N,S dual-doped carbon nanosheet networks with hierarchical porosity derived from biomass of Allium cepa as efficient catalysts for oxygen reduction and Zn–air batteries

Abstract

Efficient metal-free electrocatalysts for oxygen reduction reactions (ORR) have been actively pursued in recent years to promote the application of fuel cells and metal–air batteries. In this work, hierarchically porous nitrogen and sulfur dual-doped carbon nanosheet networks (N,S-HPC) were facilely synthesized by pyrolysis of Allium cepa chips impregnated with thiourea and KOH. The as-prepared N,S-HPC featured high content of N and S dopants (5.32 at.% for N and 2.23 at.% for S, respectively), abundant catalytically active sites, unique hierarchically porous architecture, large surface area (1859 m2 g−1) and exhibited remarkable electrocatalytic activity toward ORR with positive onset/half-wave potential and large limiting diffusion current.
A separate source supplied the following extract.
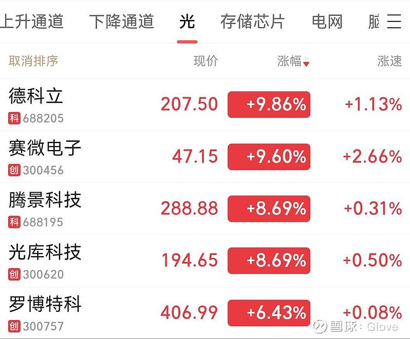 OCS四大金刚集体跻身光板块涨幅前4名,算上萝卜,前五名也占满了,留个合影吧。也不用太激动,这只是市场刚开始对OCS另眼看待而已。继续劝人别追高$德科立(SH688205)$$腾景科技(SH688195)$$罗博特科(SZ300757)$

In addition, N,S-HPC showed much better long-time stability and resistance to methanol crossover than Pt/C did. When used as the cathodic catalysts of Zn–air battery, N,S-HPC outperformed Pt/C in terms of the open-circuit potential, discharge current density, peak power density, specific capacity and rate performance, showing promise as an alternative to Pt/C for application in fuel cells and metal–air batteries.